For several days Faulkes Woods has called me. Over the past few days I have seen eagles in unlikely places and at unlikely times – very early morning before sunrise. Right over Coe College and along Mcleod Run by 42nd St. Today is more mild than other days and a storm is predicted to come in this weekend. Finally, I “gave it up” and pulled on heavy clothes and boots, grabbed my camera and trek pole and struck out.
The obstacles are NOT insurmountable.
The metaphor was readily apparent. The first hillside was crisscrossed with fallen trees – many not there just a month ago. So, I wound my way around, over and past the logs and branches to the top of the ridge. “The obstacles are NOT insurmountable,” was the clear message in my mind. The ground was hard underfoot and not that fun to navigate. I had to keep my eyes to the ground a lot, but looked up and saw ahead of me the deer run.
Go around is best.
Soon, another metaphor of awareness as I approached a “widow maker,” a fallen tree lodged in other trees. While the possibility of the tree falling at the very moment I chose to walk under it are remote, to go around is more reasonable. So, what did I do? Took a chance as the words, “It’s best to go around,” formed across my mind’s eye. And, “You know better, Mrs. Patterson. You are experienced in the woods – and life.” The rest of the way down to the Creek I circled the widow makers and on the way back, I gave that particular one wide berth.
The full force of the northwest wind hit me as I crested the ridge above the Creek. The noise of the wind and the By-pass were deafening. Slipping down to the middle of the ridge I made my way laterally upstream. I found first one, then more, winter ravaged turkey feathers – the primary and secondary flying feathers that must take quite a beating all year long. That is why the turkeys shed them and keep making new ones. Then, I looked up just as an eagle soared past, circled back, wove an intricate pattern in the wind and waited until I offered thanks and let it know, “I am a safe person.” Remembering a conversation with WTD about not just looking at the small and of eagles – And, how I had been focused on the ground gathering the feathers; Of being high, looking ahead, getting a large view. “Remember to look high.” “You may not have the details exact but you have the basic intuitive gist.”
The new nest high in the tree rocking in the wind.
On to the Eagle nest which is in a slender tree that rocked in the wind.
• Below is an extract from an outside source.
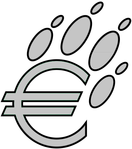 Logo of the EuroBillTracker-project
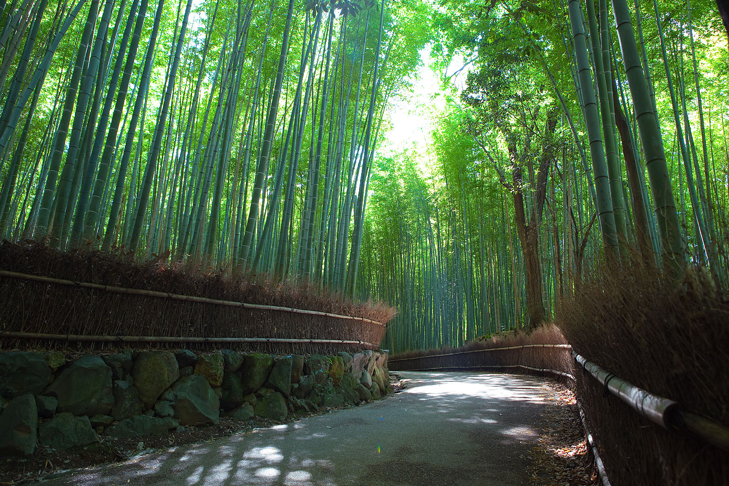 Native bamboo forest, in Arashiyama, Japan. "Now that's bamboo" 24mm f/7.1 1.3sec @ ISO 100

I’m not sure the choice is better than the old dead elm. And, the sticks are every which way! Goodness, what a mess! And, another tree down. This winter has been hard on the trees and by extension the animals that use them.
Returning I thought about how we take basically the same route down and back. But, then realized that we have explored other routes to and from. Essentially, with a few exceptions, they are less compelling. To the west we enter the ravine and contend with the Japanese Barberry. A scourge if ever there were one. To the east is rough terrain, but in spring delight beckons as the woodland shooting stars bloom. And, the den hole – what ever creature lives there is elusive and intriguing. Like life, we have pursued different paths, and realized that some are more productive than others. Another metaphor. And, recalling Terri W’s words, “Don’t get distracted,” I guess it is OK to follow basically a familiar path as long as I don’t out of hand dismiss other options when they present themselves. Rich had an option presented to him Friday and I asked him to just allow it to “be there.” And, I shared the metaphors of my walk in Faulkes Woods. But, for now, he is discouraged about the difficulty getting the changes at the Center to move forward and manifest. I would like to be “Reiki Masterish” about this, but at times I am absolutely not. Perhaps as Lauren Artress of Veriditas has written, whatever happens in the labyrinth is OK. Perhaps, too with being a Reiki Master. All does not have to be nor will be “love and light” although we do sincerely try to project that into the world to overcome the darkness and negativity. All we can do is extend and the other(s) can choose to accept or not as meets the highest good – and their ability to recognize and accept that. (Getting way too philosophical here. It was “only a walk in the woods.”)
The feathers fascinated me and I studied some closely when I returned to the house. Split shafts. Dirt embedded in the rachis (groove) of
the quill. Tips worn. In the middle bent barbs, rendering the feather less effective for flight. All together, though, perhaps the turkey needed to shed the feather, but the woodland creatures find it useful for bedding and calcium and however else they use it.
Wax On and Wax Off. Faulkes Woods Called and reminded me – I am on the right path.